How City Hall Can Improve NYC’s Public Spaces Instead of Tearing Them Out

While recent comments from Mayor de Blasio and Police Commissioner Bill Bratton about potentially yanking out the Times Square plazas have caused an uproar, a much deeper and more substantial debate over plazas has been simmering for months.

Whether it's Times Square or Corona Plaza, advocates and plaza managers say DOT needs better rules for its plaza program. Photo: NYC DOT/Flickr
Whether it’s Times Square or Corona Plaza, advocates and plaza managers say DOT needs better rules for its plaza program. Photo: NYC DOT/Flickr

Public space advocates and plaza managers say the city’s rules governing who can do what with plaza space are cumbersome and in need of an overhaul. Now, they’re turning to City Hall to fix the problem.

Since the plaza program was launched seven years ago, DOT has required that each space be managed by a local partner. The rule makes sense: Without someone in charge of managing the space, plazas can quickly deteriorate, people will stop spending time there, and public support for them will wither. But the organizations that have signed on to manage plazas say they don’t have enough leeway, under the current model, to do the job well.

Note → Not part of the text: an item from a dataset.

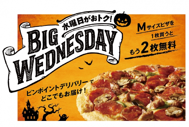 ドミノ・ピザジャパンは10月31日限定で、1枚買うともう2枚が無料になる「BIG WEDNESDAY」を実施する。つまり1枚分の値段で、3枚購入できるというキャンペーンだ。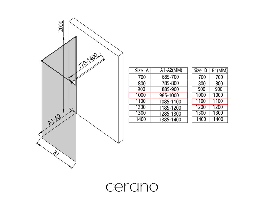 V rámci tejto série ponúkame širokú škálu rozmerov, aby sme uspokojili rôzne potreby našich zákazníkov. Všetky sprchové kúty, dvere a zásteny značky Cerano sú plne kompatibilné so sprchovými vaničkami Cerano v rovnakých rozmeroch, čo zaisťuje bezproblémovú inštaláciu a dokonalé zladenie. Sprchovací kút je možné navyše inštalovať flexibilne – buď na zodpovedajúcu sprchovú vaničku, alebo priamo na podlahu podľa vašich preferencií a možností kúpeľne.

There are two types of agreements between the city and plaza managers. One is a maintenance agreement that provides for limited sponsorships, like corporate logos on umbrellas, to help defray the partner organization’s costs. The other is a license agreement, which allows vending, events, and other methods of generating more substantial revenue for the plaza partner.

Most plazas in Manhattan and nearby neighborhoods are managed by a local business improvement district and have both types of agreements. In addition to food concessions, these plazas can generate revenue by hosting large corporate promotional events that require approval from the mayor’s Street Activity Permit Office, or SAPO.

Outside Manhattan, most plazas are sponsored by local merchants associations or neighborhood groups. They typically don’t have the resources to attract corporate sponsorship or concessions, and have signed only a maintenance agreement, not a license agreement, with DOT. That means that for the most part, they don’t host events that generate revenue. But they do put on smaller events like performances or pop-up libraries — and each time they have to navigate a cumbersome process with SAPO.

“The groups that I work with, none of them have that second-level agreement,” said Laura Hansen, managing director of the Neighborhood Plaza Partnership, a project of the Horticultural Society of New York that helps plaza partners with less resources than the big BIDs. “They’re all really struggling with how to generate revenue.”

Yesterday, NPP sent a letter to Mayor Bill de Blasio [PDF] asking him to ensure that “all plazas will flourish under a regulatory framework that recognizes and nurtures the unique contributions they are making to the city.”

The managers of both the well-financed plazas and the smaller plazas say the current SAPO process is a barrier to effective public space management, creating too much red tape. The fewer hoops they have to jump through, the better they can program the spaces they oversee.

The letter Hansen sent this week echoes an effort by the NYC BID Association, which sent a letter to Transportation Commissioner Polly Trottenberg last December that recommended creating a new Assistant Commissioner of Public Space position within DOT, giving plaza partners more discretion to manage concessions, and reforming the SAPO rules governing event permitting [PDF].

The BID Association has also set up a plaza working group that meets regularly with DOT. Hansen wants to make sure these discussions reflect the needs of the smaller plaza managers she represents.

Hansen is adamant that the key to better plazas is reforming the management agreements between the city and its local partners — and not turning the plazas over to the Parks Department, as the Daily News has called for with Times Square. Shifting those plazas from DOT to Parks would allow for more aggressive policing of the desnudas and costumed characters that the press have been obsessing over, but that would entail significant drawbacks.

Putting plazas under the purview of the Parks Department would be a mistake, said Hansen, since DOT has already built up years of experience with plaza management. Parks also have regulations and hours of operation that are more restrictive than the rules governing streets. Clearing the way for more citations to the desnudas, in other words, would actually create more obstacles to good public space management.

Instead of exporting plazas from DOT to Parks, Hansen thinks there are some Parks practices that should be imported into the DOT plaza program. Parks conservancies, for instance, have much greater leeway to program events than plaza managers currently do. “The DOT needs a framework that mirrors parks, but keeps them streets,” Hansen said. “They should definitely not be in Parks. DOT is the right agency to regulate them, but they need some more tools.”

“These problems are solvable,” Hansen said. “The plazas are worth it. They are community assets. They do a lot for neighborhoods, and so we should be careful about this kind of hyperbole about just getting rid of them.”